Input for this task Start Marker

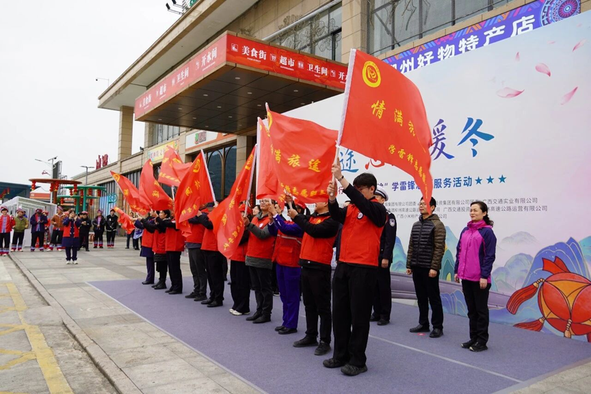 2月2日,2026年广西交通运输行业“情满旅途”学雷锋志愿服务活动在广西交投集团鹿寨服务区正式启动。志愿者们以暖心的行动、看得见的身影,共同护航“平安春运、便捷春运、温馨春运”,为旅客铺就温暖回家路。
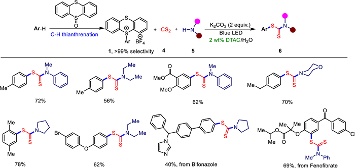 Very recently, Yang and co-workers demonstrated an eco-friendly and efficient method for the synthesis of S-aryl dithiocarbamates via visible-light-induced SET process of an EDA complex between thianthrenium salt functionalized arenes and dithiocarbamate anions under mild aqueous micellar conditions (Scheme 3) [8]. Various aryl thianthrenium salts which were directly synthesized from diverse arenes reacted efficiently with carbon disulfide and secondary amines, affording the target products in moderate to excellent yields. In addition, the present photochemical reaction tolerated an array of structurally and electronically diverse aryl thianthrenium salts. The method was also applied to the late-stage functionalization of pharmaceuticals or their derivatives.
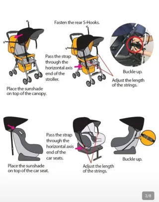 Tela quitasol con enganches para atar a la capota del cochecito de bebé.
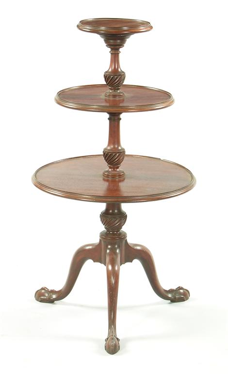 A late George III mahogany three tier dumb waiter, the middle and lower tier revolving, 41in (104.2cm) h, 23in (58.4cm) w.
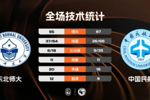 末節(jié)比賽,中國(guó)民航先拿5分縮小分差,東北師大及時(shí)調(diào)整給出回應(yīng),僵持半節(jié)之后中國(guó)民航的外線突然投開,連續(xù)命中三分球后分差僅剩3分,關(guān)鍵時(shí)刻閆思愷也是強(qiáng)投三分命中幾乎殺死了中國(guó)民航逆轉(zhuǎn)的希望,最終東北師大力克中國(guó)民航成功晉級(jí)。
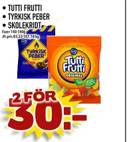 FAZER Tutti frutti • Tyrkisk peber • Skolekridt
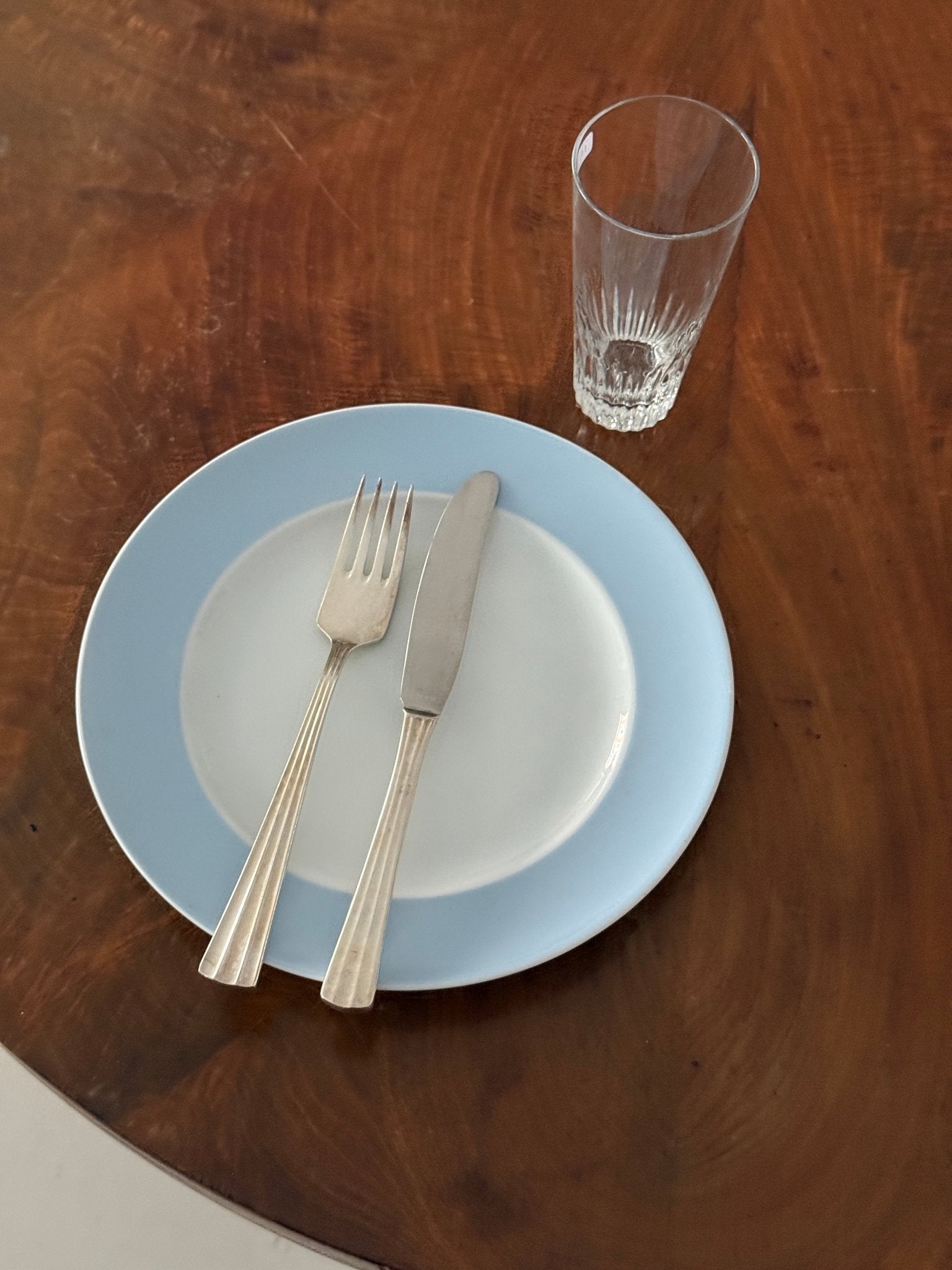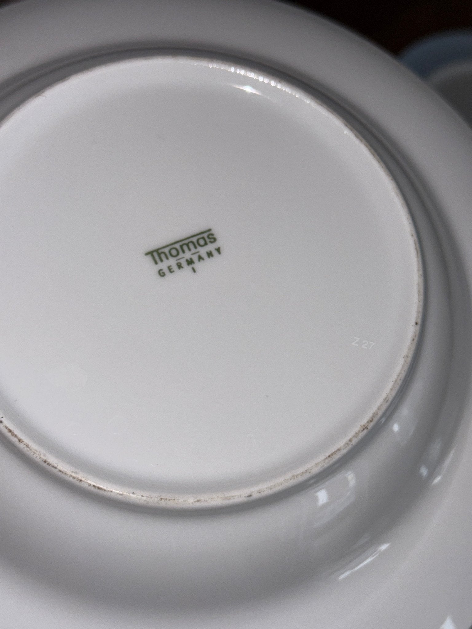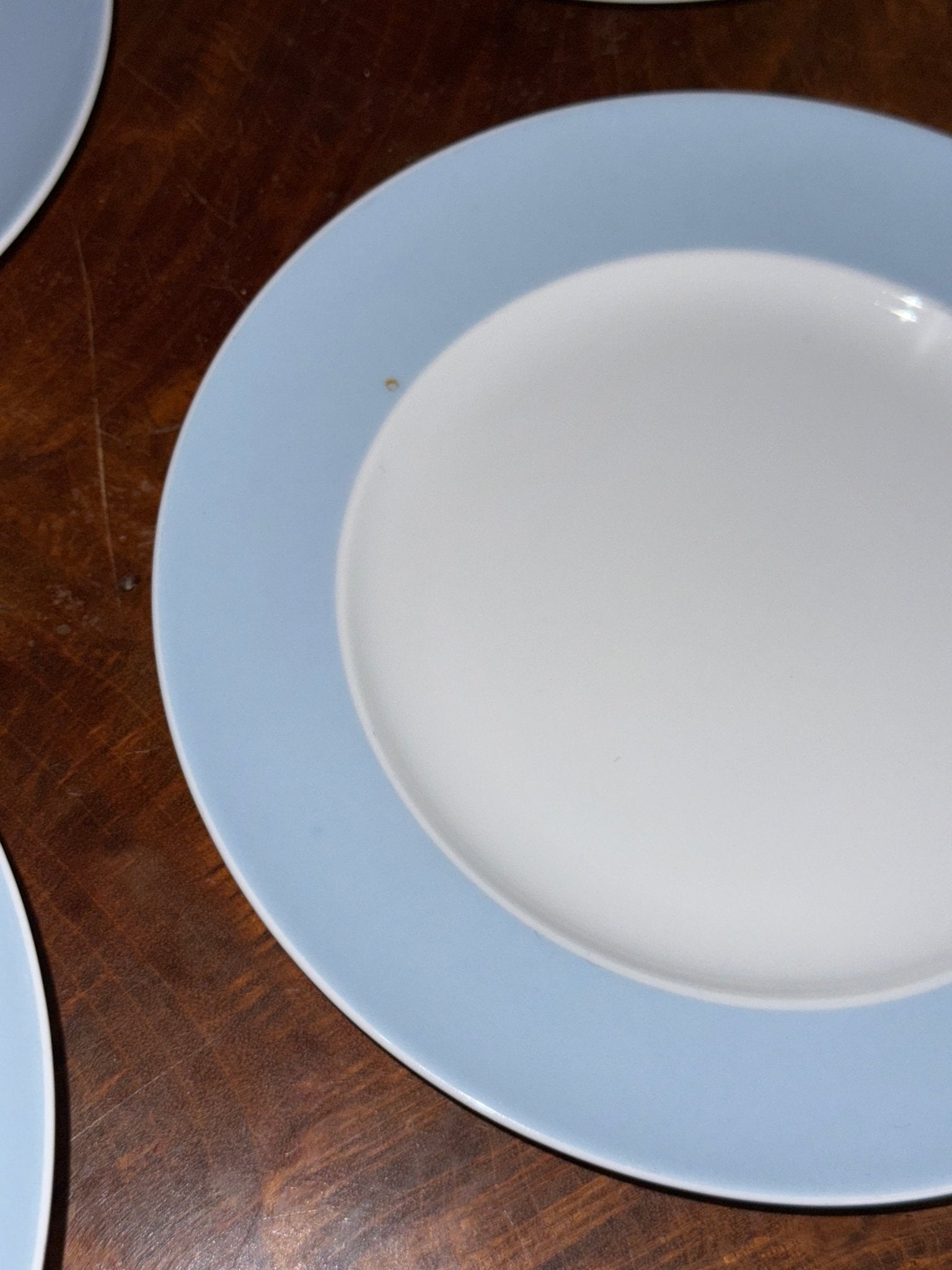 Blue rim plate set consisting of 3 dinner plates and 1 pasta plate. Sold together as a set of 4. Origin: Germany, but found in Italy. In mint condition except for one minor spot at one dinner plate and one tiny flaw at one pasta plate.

Input for this task End Marker
Input for this task Start Marker

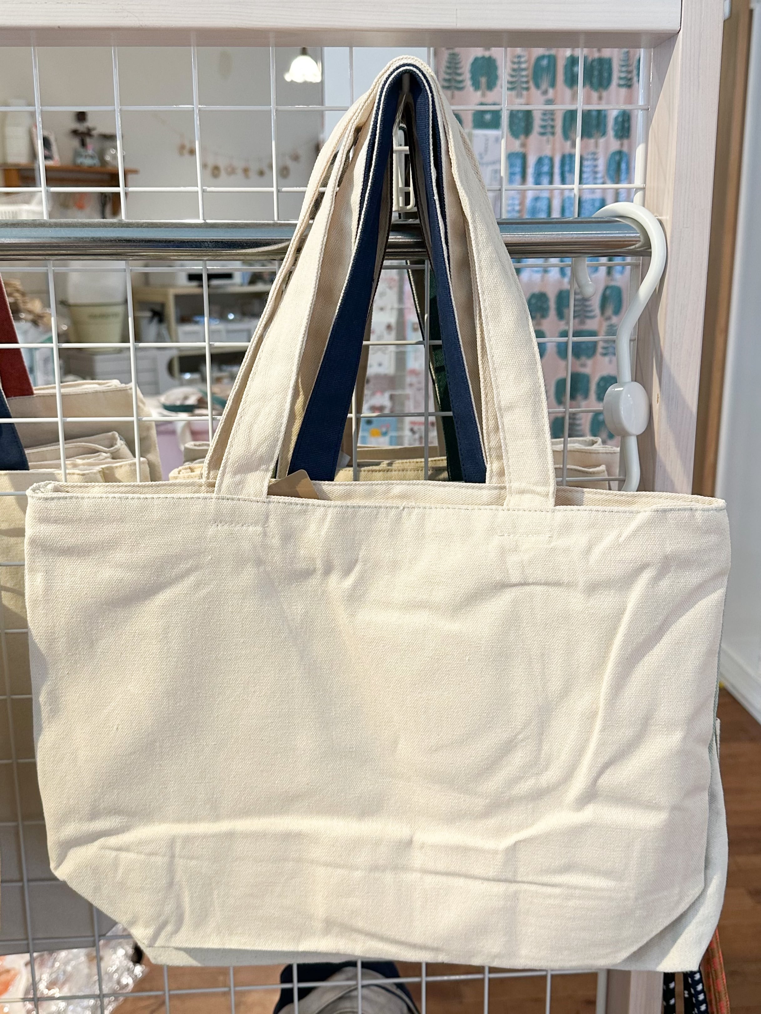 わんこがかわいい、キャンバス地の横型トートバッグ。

Input for this task End Marker

* **The task**: Output only the stretch above from the line with "Tela quitasol con" through the line with "A late George", reproduced exactly. Exclude pictures.

* **Response for this exercise**:
 Tela quitasol con enganches para atar a la capota del cochecito de bebé.
 A late George III mahogany three tier dumb waiter, the middle and lower tier revolving, 41in (104.2cm) h, 23in (58.4cm) w.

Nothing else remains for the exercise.